Urinary tract infections (UTIs) are amongst the most common infections in children, occurring in as many as 5% of girls and 1%–2% of boys.[1] It has been estimated that globally, symptomatic UTIs result in as many as 7 million visits to outpatient clinics, 1 million visits to emergency departments, and 100,000 hospitalisations annually.[2] UTIs occur in 10% of all febrile children, 13.6% of febrile infants, and 7% of febrile newborns.[3] UTIs have great clinical significance due to their acute complications, such as mortality in infants, as well as chronic complications, such as hypertension and chronic renal failure following chronic pyelonephritis. Pyelonephritis accounts for 7%–30% of end-stage renal failure in some countries.[4] The early phase of tissue invasion by microorganisms is the critical determinant in the pathogenesis of kidney lesions following a UTI; therefore, early diagnosis with prompt and effective antimicrobial treatment for acute renal infection can prevent or significantly inhibit the development of renal damage.[1]

The prevalence of UTIs is roughly 9% in developed countries and 45% in developing countries of children seeking medical attention for any cause.[4,5] The few studies in Tanzania have shown a prevalence range from 16.7% to 39.7%.[6-8] A variety of bacteria are thought to cause UTIs, in particular Escherichia coli, Klebsiella pneumoniae, Proteus mirabilis, Staphylococcus aureus, Pseudomonas aeruginosa, and Acinetobacter baumannii.[9,10] This wide range of causative agents suggests that many UTIs may be opportunistic infections.

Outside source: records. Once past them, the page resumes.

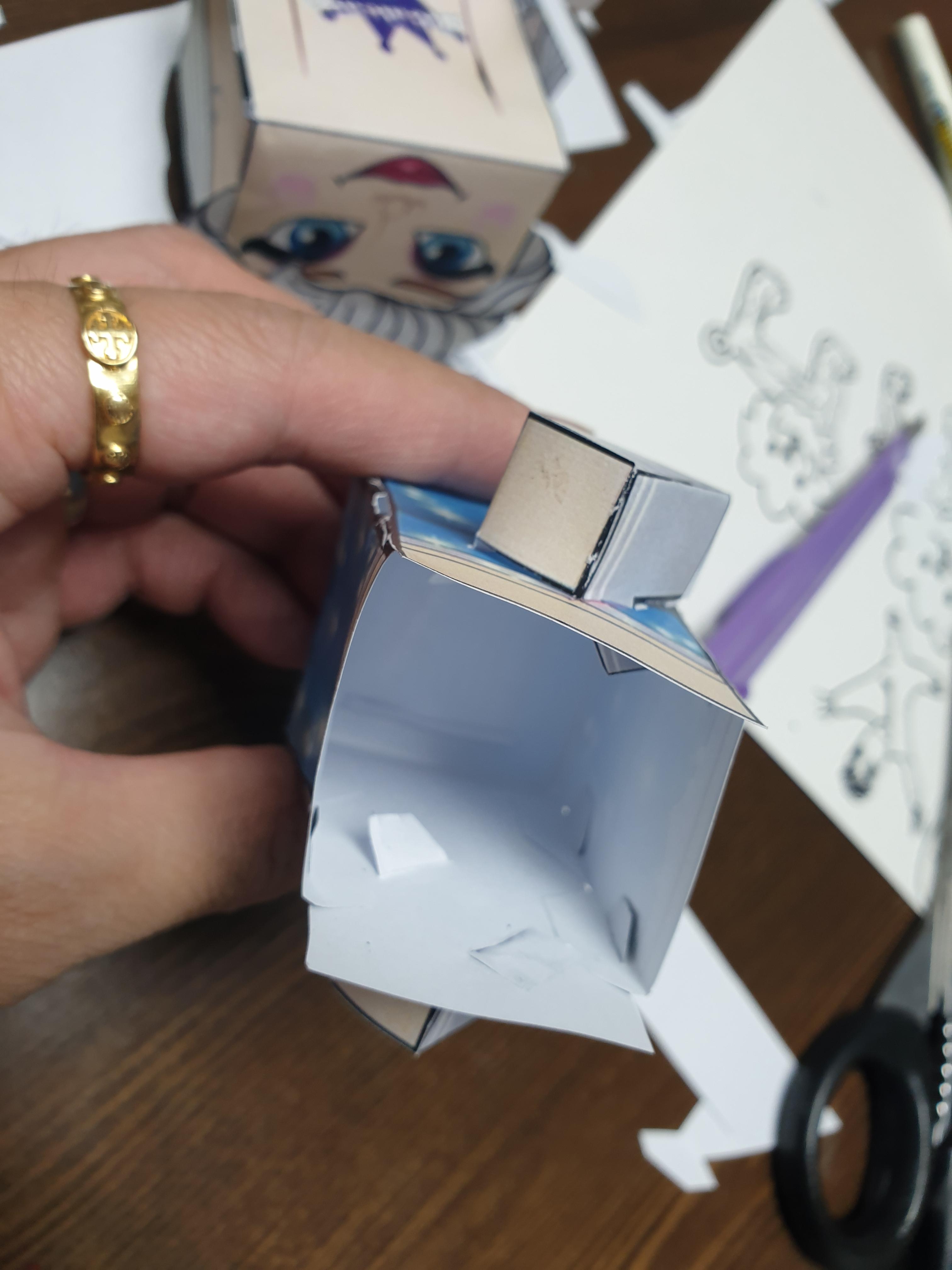 마지막으로 몸통부분을 머리부분에 삽입하면 종이인형이 완성됩니다.
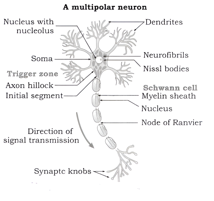 (3) Association, adjustor or intermediate neuron : It is present in the grey matter of spinal cord. Receiving impulse from sensory neuron, interpreting it and generating motor impulse are done by association neuron.
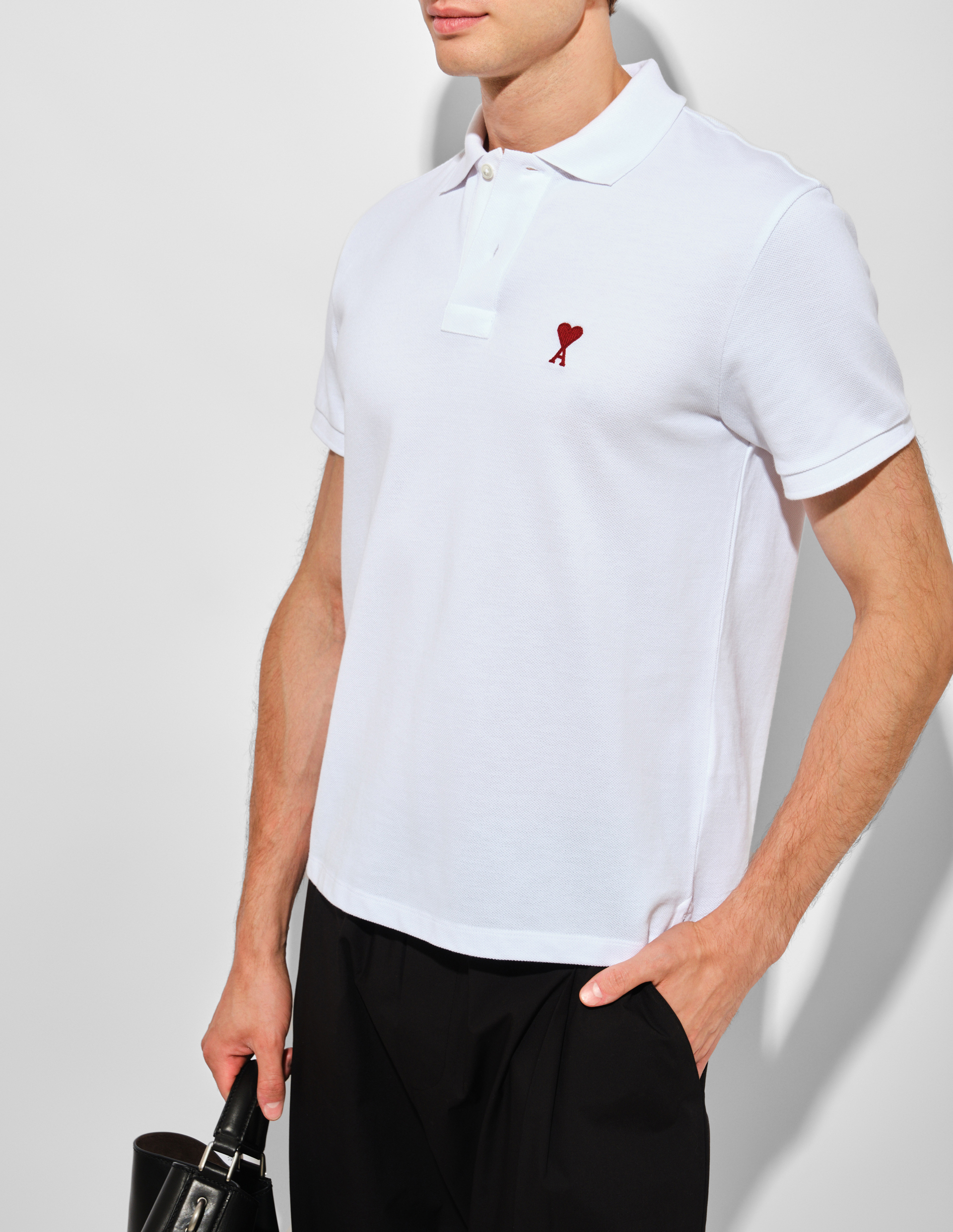 Белая футболка-поло с красным вышитым лого WHITE COTTON AMI DE COEUR POLO SHIRT

Although UTIs generally respond well to antimicrobial treatment, on a global basis there is increasing resistance amongst organisms that cause UTIs. There is a need to gain local knowledge about the types of pathogens responsible for UTIs and know their resistance patterns to help clinicians choose effective empiric treatment.[11] Moreover, the community needs to know whether we are exhausting treatment options and whether more effort is required with prevention strategies. Our immediate aim was to determine which bacteria commonly cause UTIs in our locality and to gain knowledge on their antimicrobial susceptibilities.

MATERIAL AND METHODS

Study Area

The study was conducted at Kilimanjaro Christian Medical Centre (KCMC) at the Department of paediatric and Child Health. KCMC is a referral hospital for over 15 million people in the Northern Zone of Tanzania (Kilimanjaro, Tanga, Arusha, and Manyara). It has daily attendance of 500 outpatients, nearly 500 in-patients with 640 official bed capacity, 1,000 staff, and hundreds of visitors daily. As a consultant hospital, it receives children from other health facilities both within the catchment area and from other regions of Tanzania. The paediatric bed capacity is over 100 beds.

Study Design

This was a cross-sectional, hospital-based study conducted from December 2013 to April 2014.

Study Population

The study included children from 2 months to 14 years of age admitted to the general paediatric ward during the study period with or without symptoms of UTI. Children under 2 months of age and children whose parents and guardians refused to give consent were excluded from the study.

The prevalence of UTI, uropathogens, and antimicrobial sensitivity patterns were considered to be dependent variables whereby age, sex, antibiotics use, nutritional status, and duration of treatment were all independent variables.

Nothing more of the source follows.